4T1 dsRed breast cancer cells were injected into eGFP expressing NOD/SCID mice. Group 1 was exposed to 3 intermittent HBO treatments (Day 1, 4 and 7), Group 2 to 7 daily HBO treatments (both 2.5bar, 100% O2, à 90 min), whereas the controls were exposed to a normal atmosphere. Tumor growth, histology, vascularisation, cell proliferation, cell death and metastasis were assessed. Fluorescence-activated cell sorting was used to separate tumor cells from stromal cells prior to gene expression analysis.

Results

The purity of sorted cells was verified by fluorescence microscopy.
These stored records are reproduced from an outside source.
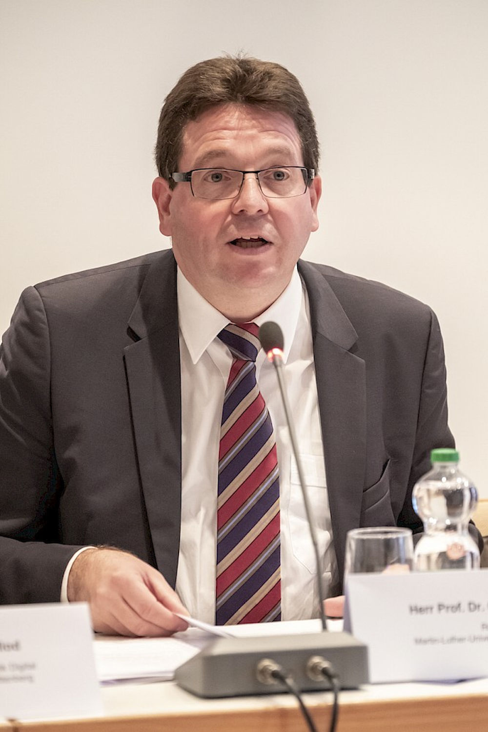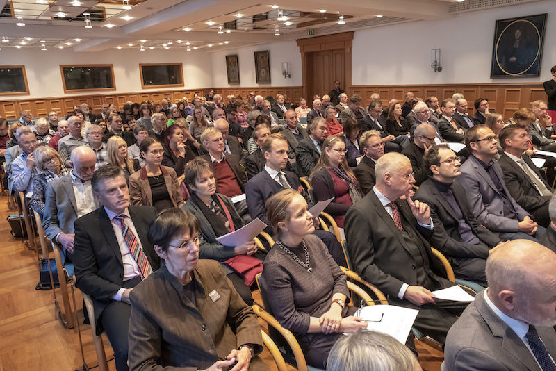 Mit einer Würdigung des am 12. Oktober verstorbenen Politologen Prof. Dr. Hans-Hermann Hartwich begrüßte Prof. Dr. Ernst-Joachim Waschke, Vorsitzender der Stiftung Leucorea, die Gäste der Disputation – eine Veranstaltung, die die hallesche Universität dem ehemaligen Gründungsdekan und Prorektor für Entwicklungsplanung und Strukturreform verdankt. „Er hat viel für die Stiftung Leucorea getan. Sie wird sein Andenken in Ehren halten“, sagte Waschke. Die Disputation widme sich auch in diesem Jahr nicht nur einem „aktuellen, sondern auch einem schwierigen und problematischen Thema“. Die Digitalisierung werde die Welt vielleicht noch viel stärker verändern, als dies zu Luthers und Melanchthons Zeiten der Buchdruck tat, vermutete er.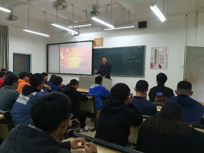 2017年12月12日,我院在教学楼A313召开团总支学习宣传贯彻党的十九大精神交流会。参加人员有16级学生会代表、各专业班长以及团支书,由团总支书记杨日奎老师主持会议。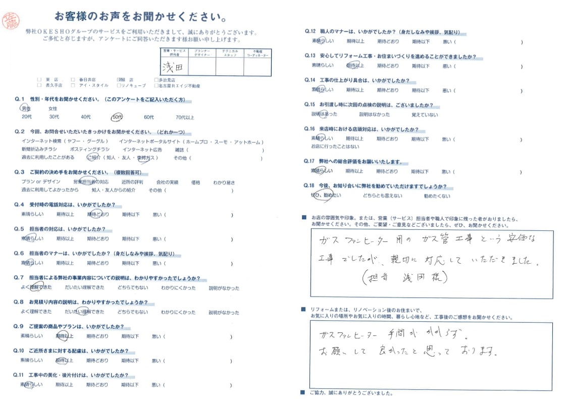 ガスファンヒーター用のガス管工事という安価な工事でしたが、親切に対応していただきました。(担当 浅田様)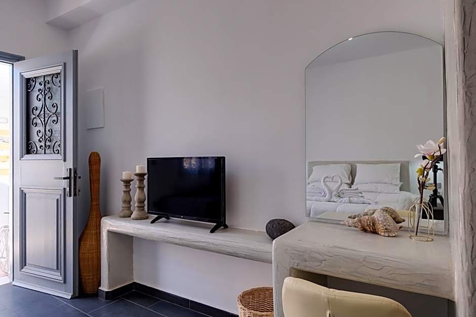 Room options range from Quadruple Room with Panoramic View to Duplex and Superior Studio, with additional choices such as Deluxe Studio, King (featuring a king-size bed), Studio, Partial Sea View, Quadruple Room, Sea View, Studio, Sea View, Twin Room (with a twin bed), and Double Room. Cash is not accepted, with Visa, Diners Club, American Express, Mastercard, Maestro, and UnionPay accepted. The stay sits about 1,1mi from Kamari’s city center, anchored on Agia Paraskevi Beach for easy access to the island’s sights.

Gene expression profiling demonstrated that highly expressed genes in the untreated tumor stroma included constituents of the extracellular matrix and matrix metalloproteinases. Tumor growth was significantly inhibited by HBO, and the MAPK pathway was found to be significantly reduced. Immunohistochemistry indicated a significantly reduced microvessel density after intermittent HBO, whereas daily HBO did not show a similar effect. The anti-angiogenic response was reflected in the expression trends of angiogenic factors.

Conclusions

The present in vivo mammary tumor model enabled us to separate tumor and stromal cells, and demonstrated that the two compartments are characterized by distinct gene expressions, both in the native state and following HBO treatments. Furthermore, hyperoxia induced a significant tumor growth-inhibitory effect, with significant down-regulation of the MAPK pathway. An anti-angiogenic effect after intermittent HBO was observed, and reflected in the gene expression profile.